* **What to work on**: Shown below is a listing with pictures; reproduce exactly, and only, the lines between the ones containing "Коляска Cybex Coya" and "Modulo organizador 36", inclusive, leaving the pictures out.

Segment Start: Supplied information

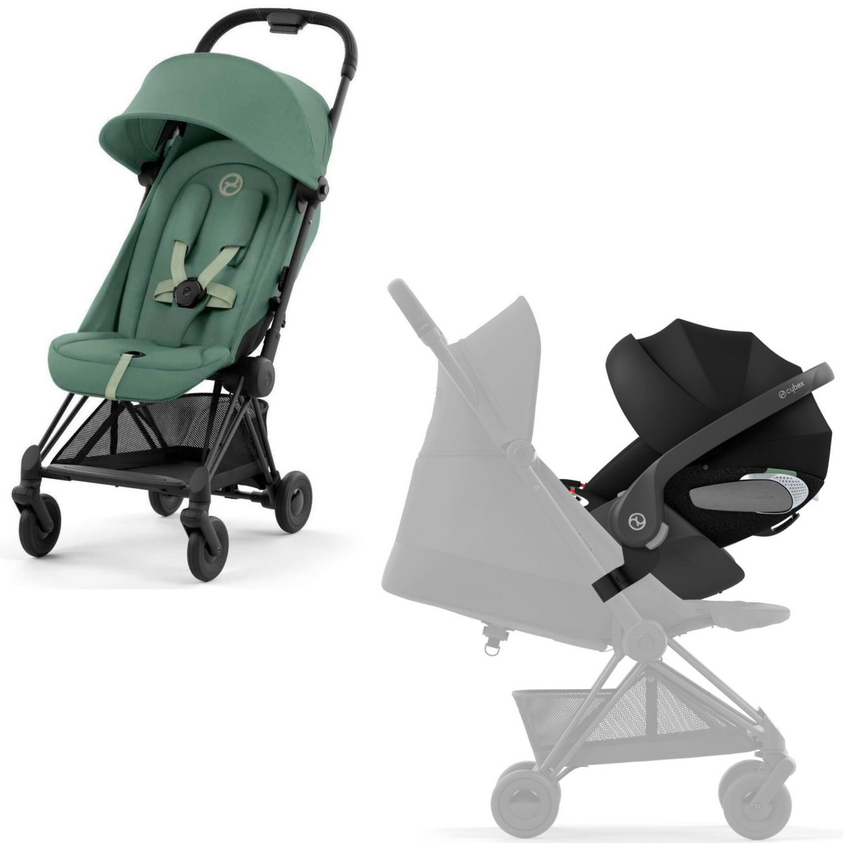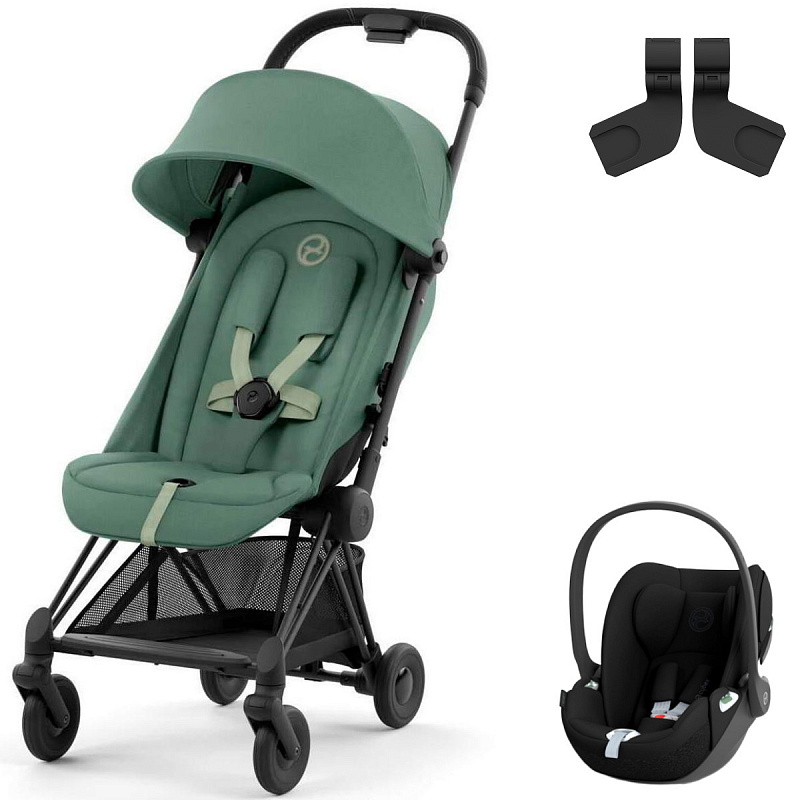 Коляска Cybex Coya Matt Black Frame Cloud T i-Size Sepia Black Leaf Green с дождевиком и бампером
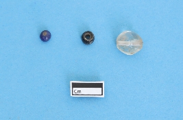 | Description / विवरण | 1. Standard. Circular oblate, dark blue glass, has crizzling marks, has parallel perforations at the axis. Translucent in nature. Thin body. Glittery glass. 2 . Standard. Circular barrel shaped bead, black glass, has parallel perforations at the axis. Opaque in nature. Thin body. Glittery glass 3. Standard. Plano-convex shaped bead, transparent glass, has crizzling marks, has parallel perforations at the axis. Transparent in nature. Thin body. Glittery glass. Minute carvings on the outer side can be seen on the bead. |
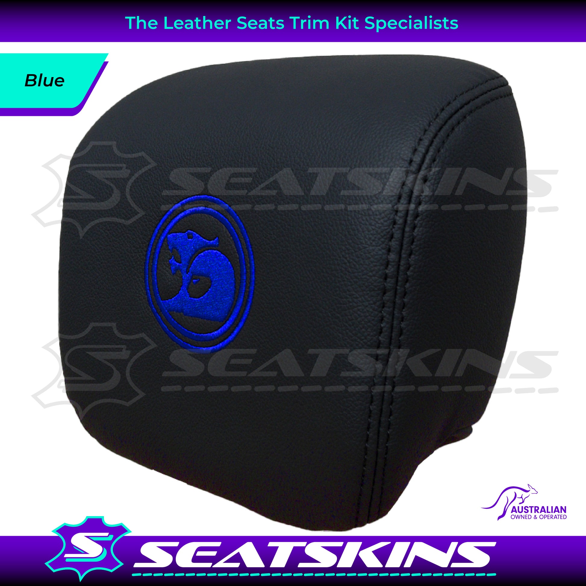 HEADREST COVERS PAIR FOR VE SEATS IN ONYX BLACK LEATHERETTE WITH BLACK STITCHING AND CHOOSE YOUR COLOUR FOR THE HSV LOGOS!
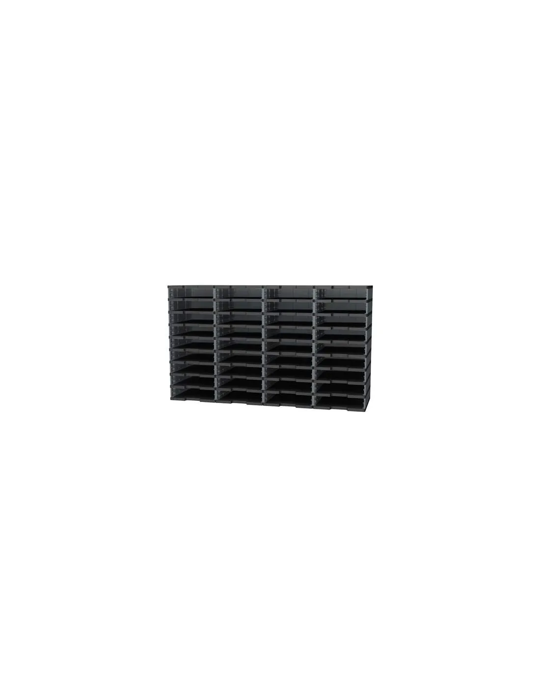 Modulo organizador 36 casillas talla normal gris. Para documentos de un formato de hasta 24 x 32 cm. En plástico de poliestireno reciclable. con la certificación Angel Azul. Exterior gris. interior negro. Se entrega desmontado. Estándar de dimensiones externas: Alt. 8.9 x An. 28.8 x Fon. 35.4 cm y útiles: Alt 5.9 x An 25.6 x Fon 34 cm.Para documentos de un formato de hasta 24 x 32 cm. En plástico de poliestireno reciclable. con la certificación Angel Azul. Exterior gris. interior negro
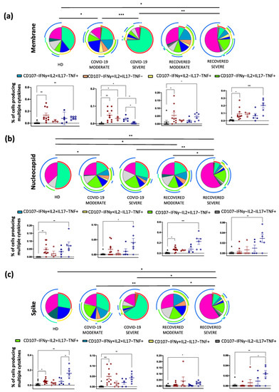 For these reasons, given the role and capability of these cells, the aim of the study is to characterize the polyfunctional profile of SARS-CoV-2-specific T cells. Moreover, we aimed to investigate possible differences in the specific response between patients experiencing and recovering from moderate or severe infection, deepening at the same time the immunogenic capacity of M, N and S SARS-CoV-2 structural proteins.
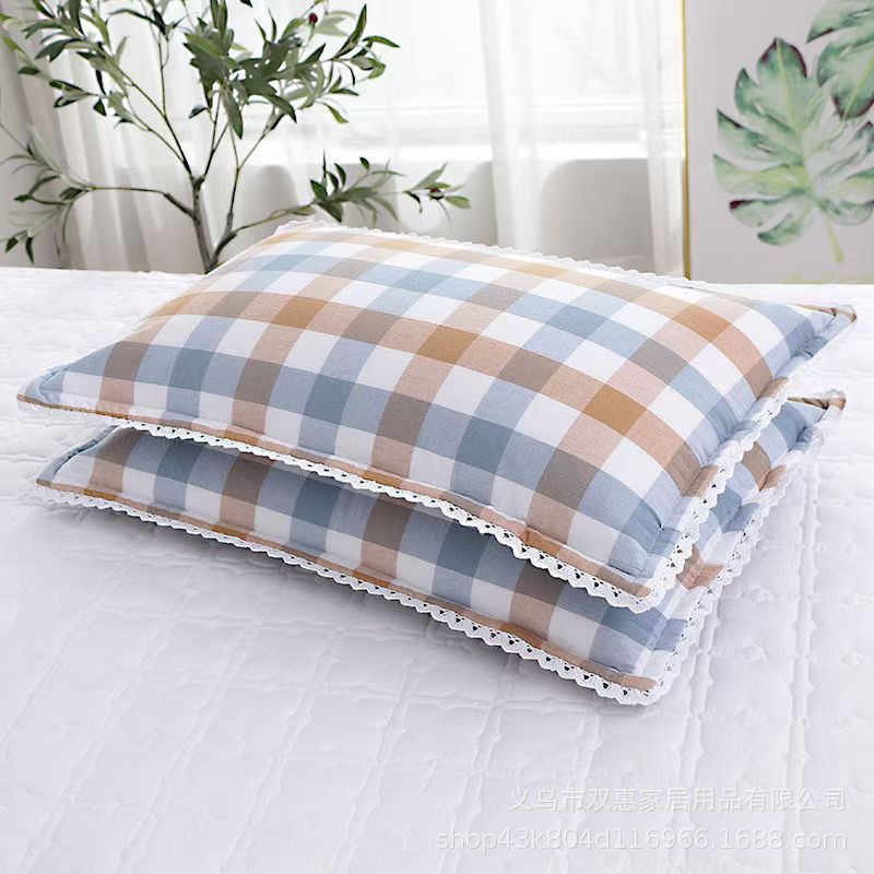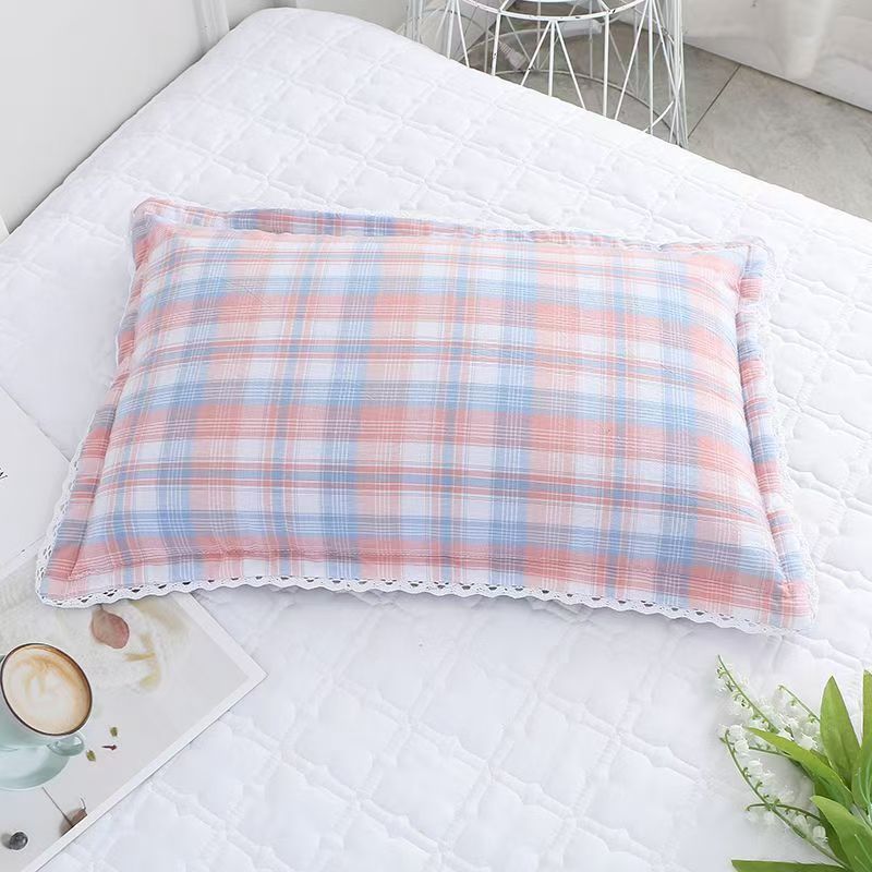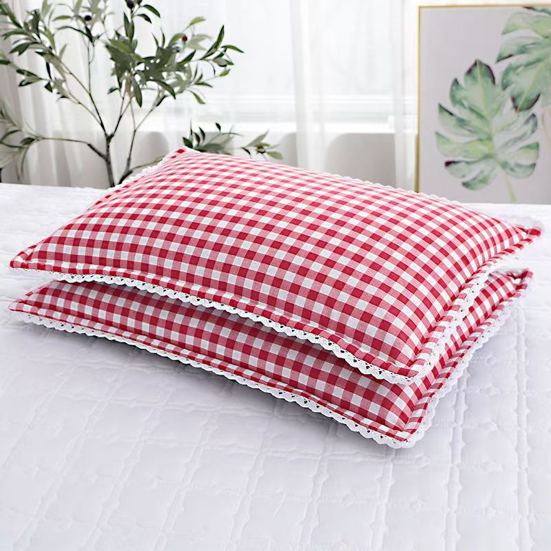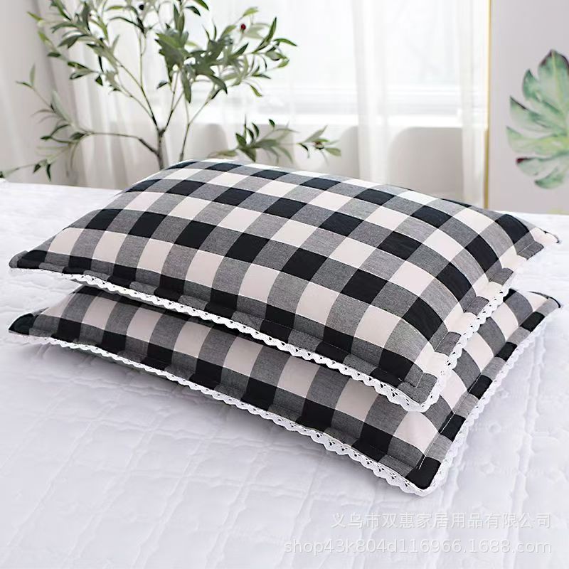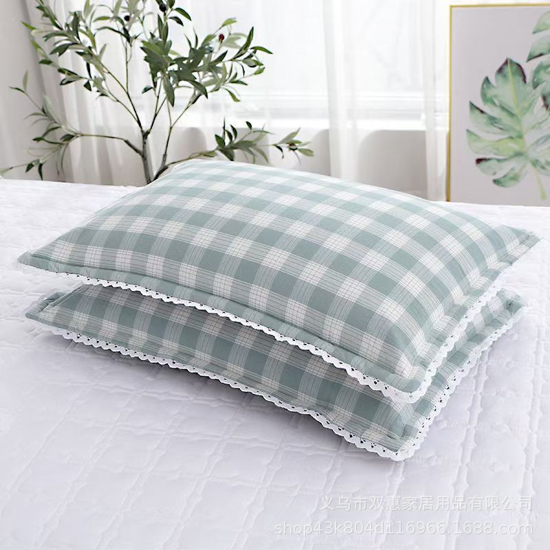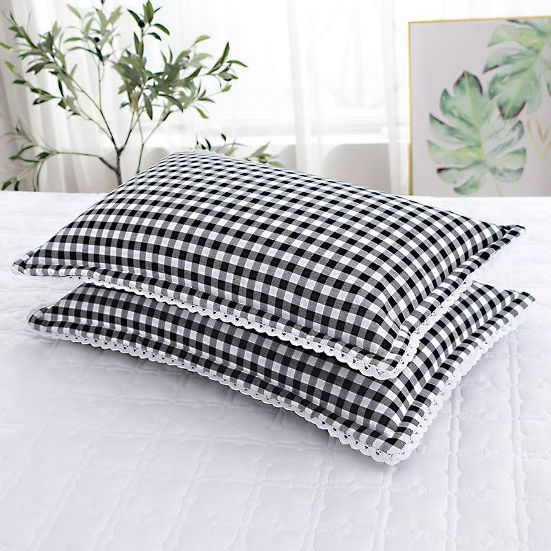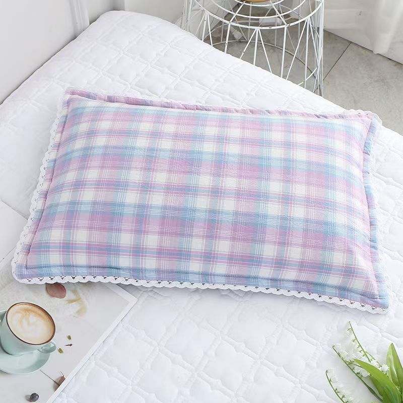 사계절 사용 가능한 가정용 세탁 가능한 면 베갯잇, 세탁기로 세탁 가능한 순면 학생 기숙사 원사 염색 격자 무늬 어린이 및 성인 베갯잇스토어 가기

Segment End: Supplied information
Segment Start: Supplied information

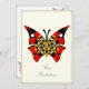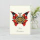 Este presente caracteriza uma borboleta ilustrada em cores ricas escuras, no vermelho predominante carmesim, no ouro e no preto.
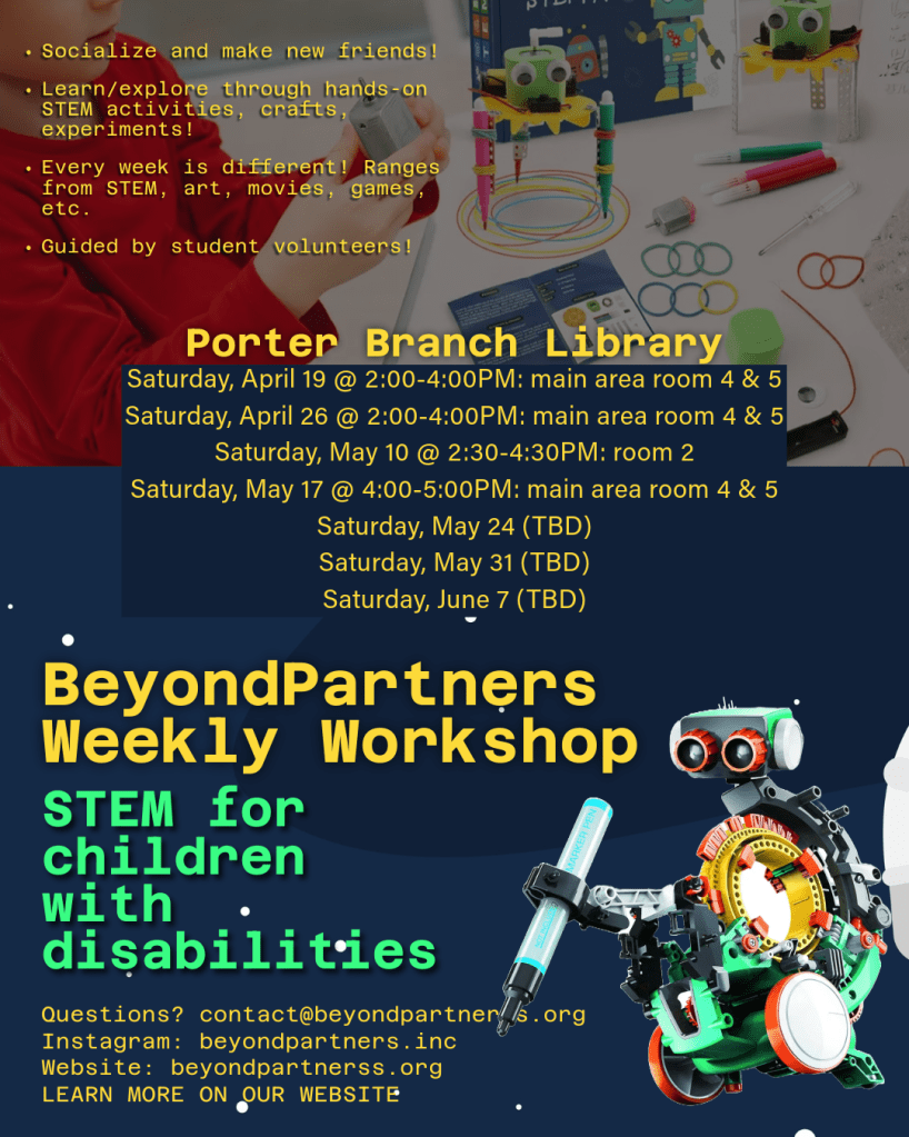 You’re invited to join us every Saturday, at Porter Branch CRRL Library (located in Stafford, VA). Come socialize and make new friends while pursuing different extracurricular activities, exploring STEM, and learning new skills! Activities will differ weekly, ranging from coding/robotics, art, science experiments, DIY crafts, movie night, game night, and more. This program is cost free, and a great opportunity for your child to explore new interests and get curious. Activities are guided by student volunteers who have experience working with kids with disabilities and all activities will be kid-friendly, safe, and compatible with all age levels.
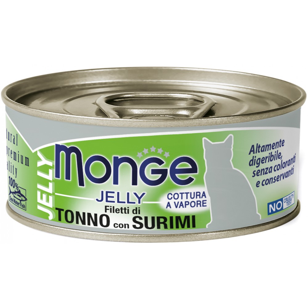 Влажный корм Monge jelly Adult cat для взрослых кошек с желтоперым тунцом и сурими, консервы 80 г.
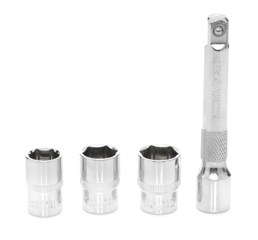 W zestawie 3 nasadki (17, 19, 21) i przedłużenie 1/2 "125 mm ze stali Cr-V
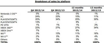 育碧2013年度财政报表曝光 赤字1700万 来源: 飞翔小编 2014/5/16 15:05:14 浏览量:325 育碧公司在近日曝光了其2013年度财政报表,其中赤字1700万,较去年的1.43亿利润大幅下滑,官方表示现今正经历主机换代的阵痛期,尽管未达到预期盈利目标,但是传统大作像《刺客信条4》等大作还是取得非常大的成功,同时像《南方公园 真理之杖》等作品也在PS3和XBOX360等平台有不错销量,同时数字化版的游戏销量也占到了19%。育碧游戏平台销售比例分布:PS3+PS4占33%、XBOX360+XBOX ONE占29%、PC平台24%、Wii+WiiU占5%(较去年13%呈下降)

Segment End: Supplied information
Segment Start: Supplied information

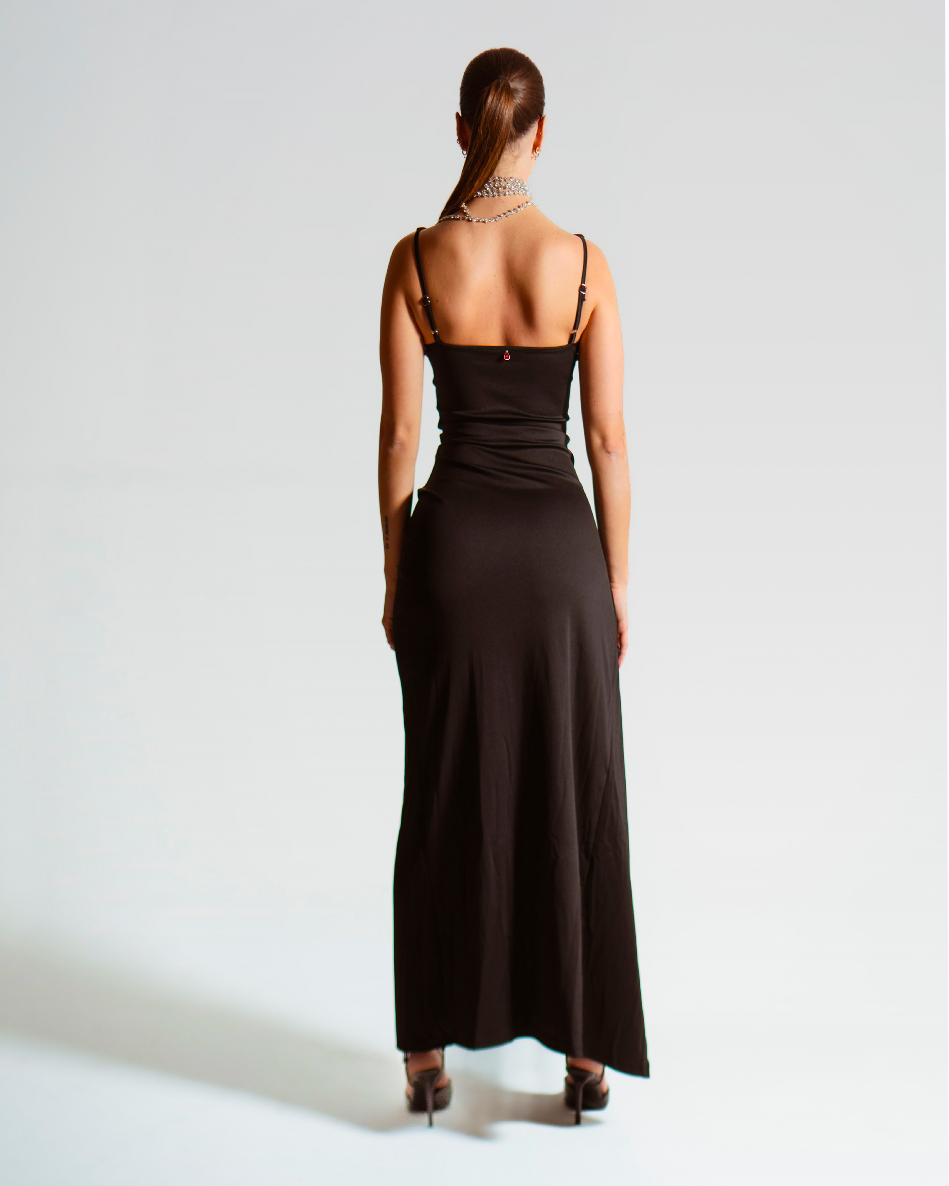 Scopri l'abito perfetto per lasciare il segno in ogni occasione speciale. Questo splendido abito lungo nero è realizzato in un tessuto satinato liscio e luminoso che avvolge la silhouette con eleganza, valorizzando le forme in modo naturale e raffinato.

Segment End: Supplied information

* **Written answer**:
 Коляска Cybex Coya Matt Black Frame Cloud T i-Size Sepia Black Leaf Green с дождевиком и бампером
 | Description / विवरण | 1. Standard. Circular oblate, dark blue glass, has crizzling marks, has parallel perforations at the axis. Translucent in nature. Thin body. Glittery glass. 2 . Standard. Circular barrel shaped bead, black glass, has parallel perforations at the axis. Opaque in nature. Thin body. Glittery glass 3. Standard. Plano-convex shaped bead, transparent glass, has crizzling marks, has parallel perforations at the axis. Transparent in nature. Thin body. Glittery glass. Minute carvings on the outer side can be seen on the bead. |
 HEADREST COVERS PAIR FOR VE SEATS IN ONYX BLACK LEATHERETTE WITH BLACK STITCHING AND CHOOSE YOUR COLOUR FOR THE HSV LOGOS!
 Modulo organizador 36 casillas talla normal gris. Para documentos de un formato de hasta 24 x 32 cm. En plástico de poliestireno reciclable. con la certificación Angel Azul. Exterior gris. interior negro. Se entrega desmontado. Estándar de dimensiones externas: Alt. 8.9 x An. 28.8 x Fon. 35.4 cm y útiles: Alt 5.9 x An 25.6 x Fon 34 cm.Para documentos de un formato de hasta 24 x 32 cm. En plástico de poliestireno reciclable. con la certificación Angel Azul. Exterior gris. interior negro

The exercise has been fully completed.